Sin embargo, ahora el brazo inutilizado le impedía ser guerrero. Fidelma advirtió que le costaba adaptarse a su nuevo papel para afrontar la vida. La idea de Cian como religioso era inconcebible. Ya le había manifestado la rabia y el resentimiento que le causaba su desgracia. A los ojos de Fidelma, los intentos de reafirmar su hombría para compensar sus carencias eran patéticos. Eadulf jamás habría hecho algo así. Un verso de la Eneida virgiliana acudió a su pensamiento: «Tu ne cede malis sed contra audentior ito». No cedas ante la adversidad; afróntala con más audacia. Ésta sería la actitud de Eadulf. Pero Cian, con aquel brazo impedido…

Fidelma tensó el cuerpo en el agua.

¡El brazo impedido! ¿Cómo pudo bajar del barco y remar hasta la orilla solo? Habría sido imposible mover a remo el esquife con un brazo. ¡Y el esquife mismo! Dios santo, ¿qué le estaba pasando a su capacidad de observación? Si gracias a algún milagro había sido capaz de impulsar el esquife del barco hasta la isla, ¿cómo había vuelto para dejar el esquife en el barco? ¡Alguien había acercado a Cian a la isla y había regresado al barco!

Eadulf habría entrevisto ese detalle. ¡Dios, cuánto lo necesitaba! Se había acostumbrado tanto a compartir pareceres y a escuchar sus consejos.

Se agitó en el agua, consciente del derrotero que estaban tomando sus pensamientos. Debería haber caído en la cuenta mucho antes en vez de entretenerse con ensoñaciones. El efecto de flotar sobre el suave vaivén de las olas era soporífero y…

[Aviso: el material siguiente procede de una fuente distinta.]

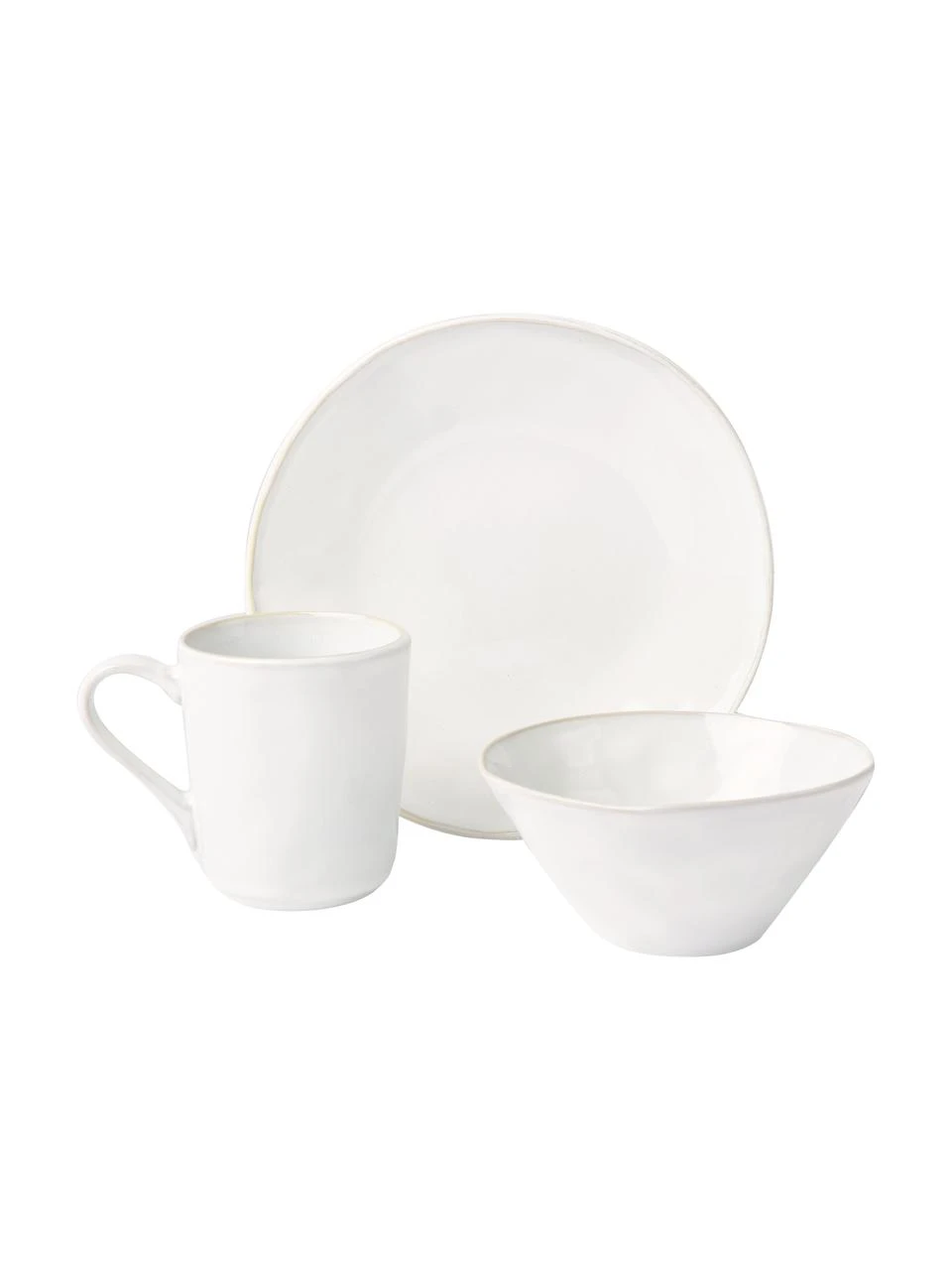 Diese Geschirrkombination eignet sich perfekt als ein komplettes Frühstücksset mit Frühstückstellern, Schalen und Tassen.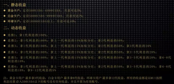 其中,投资500-4999美元的黄金卡用户,最多拿3代收益;投资5000-9999美元的白金卡用户,最多拿8代收益;投资10000美元以上的环球卡用户,最多拿12代收益。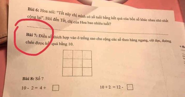 Đề Toán thi học sinh giỏi lớp 1 siêu hack não: 'Điền số sao cho tổng ngang - dọc - chéo bằng 10'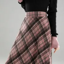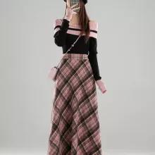 Looking for a way to refresh your wardrobe? This plaid pink A-line skirt is more than just a trend – it’s a statement of effortless femininity and confidence.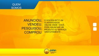 O documento descreve o funcionamento do site Golden Bit, um classificados online e sistema de moeda virtual. O site permite que usuários anunciem produtos e serviços gratuitamente e realizem compras e vendas utilizando a moeda virtual Goldenbits. Os usuários podem acumular Goldenbits realizando atividades diárias no site ou indicando o site para amigos.

De pronto notó que el movimiento no era tan suave como antes. El agua empezaba a picarse. Oyó entonces un crujido. Abrió los ojos y parpadeó. La gran vela del Barnacla Cariblanca empezaba a inflarse. Se estaba levantando el viento anunciado, y el barco empezaba a moverse. Giró el cuerpo y empezó a dar brazadas.

Cuando se dio cuenta, el temor le heló la sangre: la cuerda atada alrededor de su cintura no estaba tensa. Flotaba. Y como la parte que no debía tocar el mar también estaba en el agua, la hacía más pesada. El cabo ya no estaba atado a la baranda.

Gritó pidiendo socorro.

No veía a Gurvan ni a nadie más en la baranda del barco. El Barnacla Cariblanca se alejaba dejando atrás los vientos.

Fidelma echó a nadar para salvar su vida, pero las olas eran cada vez mayores y costaba hacerlo deprisa. Pese a no dejar de nadar, sabía que sería imposible alcanzar el barco; antes se desvanecería, abandonada en medio del océano.